Region: Let’s jump to the future. You’re very active here at the National Bureau of Economic Research in health care and also with Raj Chetty on public economics.11 What do you see as some of the most pressing issues in those two arenas and some of the promising research avenues?
Finkelstein: Well, there are many important and active areas of research in both public economics and health care. I won’t pretend to cover them all. But I can mention where I see my own research heading—which, by revealed preference, I presumably view as some of the most pressing and promising avenues!
As I mentioned, a lot of my work has been focused on insurance, particularly health insurance. There is naturally a lot more to learn here. But for myself, I feel like I’m starting to hit diminishing returns in that area. I feel myself pivoting—and it may be a subtle pivot to anyone except me—from health insurance to health care delivery: thinking about issues related to the efficiency of health care delivery, different organizational forms of health care delivery, different ways of designing health care systems.
I watched as an outsider—I was not involved in the policy process at all—the discussions around the Affordable Care Act. The act was intended to do two things. One is cover the uninsured, which we kind of know how to do. There are more or less efficient ways of doing it, and we know a lot about that now, thanks to a number of health economists who have done a lot of work on that question.
The other thing the Affordable Care Act tried to do is slow the growth of health care spending. That’s a much harder problem. We think that there’s both a lot of overuse of unnecessary procedures and a lot of underuse of low-cost, effective things. How do we design health care systems to efficiently deliver the care we think should be delivered and reduce use of the care we think is unnecessary?

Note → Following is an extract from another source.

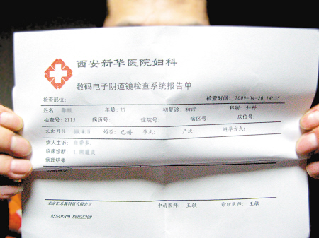 掛號(hào)時(shí),工作人員說(shuō)院里主要是李院長(zhǎng)在看病,他是治療風(fēng)濕病的專家,但也能看婦科,并建議她掛中醫(yī)內(nèi)科號(hào),表示婦科沒(méi)有醫(yī)生,只有一個(gè)護(hù)士,最好先請(qǐng)李院長(zhǎng)診斷再說(shuō)!拔覟榭床≌(qǐng)了半天假,想著既然來(lái)了就檢查一下吧,于是沒(méi)有掛號(hào)就來(lái)到五樓婦科詢問(wèn)!闭f(shuō)明情況后,劉姓護(hù)士讓她先交費(fèi),再做電子陰道鏡檢查,看到底有什么問(wèn)題。大約半個(gè)小時(shí),李女士拿到了報(bào)告單,她發(fā)現(xiàn)診斷醫(yī)師欄寫(xiě)著王醫(yī)生的名字!爱(dāng)時(shí)我覺(jué)得有點(diǎn)奇怪,掛號(hào)處稱沒(méi)有醫(yī)生,報(bào)告單上又寫(xiě)著醫(yī)生名字,這個(gè)王醫(yī)生到底在不在醫(yī)院?”李女士很不放心,報(bào)告上的時(shí)間也讓她心存疑慮,自己是22日上午做的檢查,但報(bào)告上顯示的卻是20日下午兩點(diǎn)多。

At the micro level, I’m eager to start a bunch of randomized controlled trials to look at specific interventions that try to improve the efficiency of health care delivery. For example, as we discussed, we’re working with Dr. Brenner and the Camden Coalition to see if we can reduce hospital readmissions among super-utilizers of the health care system. We’re doing another RCT with Mt. Sinai Healthcare System in New York City looking at whether clinical decision support software can help reduce overscanning. I’d like to do more studies like this!
In addition to studying the impact of particular interventions at the micro level, I’m also interested in thinking about questions that are more systemwide: How do we design public insurance and different types of incentive structures to try to get more efficient health care delivery? In other words, to try to get the market to adopt the most effective interventions and designs. These are hard questions! But hopefully we can make some progress.

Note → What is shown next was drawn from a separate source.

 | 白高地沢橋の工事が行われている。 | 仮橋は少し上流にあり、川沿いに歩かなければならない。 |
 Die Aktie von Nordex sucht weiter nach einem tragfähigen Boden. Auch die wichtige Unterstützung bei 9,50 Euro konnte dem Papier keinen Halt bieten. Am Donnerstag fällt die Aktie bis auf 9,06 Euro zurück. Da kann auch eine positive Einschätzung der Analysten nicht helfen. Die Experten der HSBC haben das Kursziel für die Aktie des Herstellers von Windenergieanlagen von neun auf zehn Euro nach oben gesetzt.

What excites me about this whole set of questions on health care delivery is that it’s an area that, to me, is at that sweet spot for research of being both an incredibly important set of issues and ones where we don’t already know the answers.

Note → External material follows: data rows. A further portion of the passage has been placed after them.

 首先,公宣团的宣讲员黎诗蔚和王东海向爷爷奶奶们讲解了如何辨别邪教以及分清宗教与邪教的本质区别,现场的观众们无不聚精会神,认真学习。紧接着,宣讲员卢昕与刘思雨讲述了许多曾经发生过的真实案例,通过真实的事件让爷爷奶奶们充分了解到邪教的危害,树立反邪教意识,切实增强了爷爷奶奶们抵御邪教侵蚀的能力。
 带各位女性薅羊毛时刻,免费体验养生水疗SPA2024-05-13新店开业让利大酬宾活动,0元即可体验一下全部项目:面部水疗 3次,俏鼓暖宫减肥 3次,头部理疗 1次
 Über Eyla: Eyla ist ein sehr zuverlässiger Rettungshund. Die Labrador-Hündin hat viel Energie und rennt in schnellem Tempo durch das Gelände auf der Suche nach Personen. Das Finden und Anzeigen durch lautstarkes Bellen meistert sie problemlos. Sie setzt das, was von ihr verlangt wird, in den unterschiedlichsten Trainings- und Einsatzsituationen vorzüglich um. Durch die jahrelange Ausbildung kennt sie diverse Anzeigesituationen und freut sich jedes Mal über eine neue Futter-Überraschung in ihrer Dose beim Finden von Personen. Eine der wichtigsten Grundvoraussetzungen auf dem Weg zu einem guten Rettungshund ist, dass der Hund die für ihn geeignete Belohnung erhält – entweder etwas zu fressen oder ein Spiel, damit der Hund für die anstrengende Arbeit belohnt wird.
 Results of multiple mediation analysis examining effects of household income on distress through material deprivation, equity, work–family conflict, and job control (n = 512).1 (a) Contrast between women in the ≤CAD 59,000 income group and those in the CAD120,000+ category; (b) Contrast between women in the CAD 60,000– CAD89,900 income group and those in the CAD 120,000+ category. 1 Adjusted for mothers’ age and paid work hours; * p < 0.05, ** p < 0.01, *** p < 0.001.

There are areas of economics that are incredibly important and the policy world has not caught up, but where the economists are mostly in agreement on what the optimal solution is. But what’s exciting to me about this work on health care delivery is, well, if you made me king of the world, I wouldn’t actually know what we should do.
The constraints in health care delivery aren’t just constraints of the political process; there are a lot of real intellectual constraints. There’s a lot we don’t yet know about how best to design these systems, and that makes it an extremely fun and exciting area to work in and to advise students in.